Встреча, назначенная на вторник, предположительно должна была состояться в старом пустующем заводском здании берлинского района Нойкёльн. Оно стояло на мощенной брусчаткой улице, в квартале от Шандауэр-штрассе. Дюк остановил «мерседес» в конце улицы и дал Квину небольшой бинокль.
— В здании есть какая-нибудь охрана? — осведомился Квин, прежде чем поднести его к глазам.
Дюк улыбнулся:
— Да, один охранник — у переднего входа, второй — у заднего.
Квину показалось, что у Дюка с тех пор, как они не виделись, еще больше усилился акцент, в котором угадывались то ли чешские, то ли какие-то другие интонации.

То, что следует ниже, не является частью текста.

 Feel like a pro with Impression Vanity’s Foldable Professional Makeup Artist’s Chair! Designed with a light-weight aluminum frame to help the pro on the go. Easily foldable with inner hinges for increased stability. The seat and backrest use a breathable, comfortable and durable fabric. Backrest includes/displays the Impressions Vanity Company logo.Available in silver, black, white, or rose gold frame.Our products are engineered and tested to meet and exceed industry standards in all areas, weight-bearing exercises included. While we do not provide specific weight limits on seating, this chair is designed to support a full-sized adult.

Причем Квин подозревал, что английский, на котором они между собой общались, был родным языком Дюка.
— Тот, который дежурит у главного входа, обычно сидит в машине возле ворот.
Квин поднял бинокль к глазам и взглянул в указанном направлении. В самом деле, неподалеку от входа стоял видавший виды «вольво». Сидящий в авто мужчина, как казалось со стороны, читал газету.
— В здании кто-нибудь есть? — продолжал задавать вопросы Квин.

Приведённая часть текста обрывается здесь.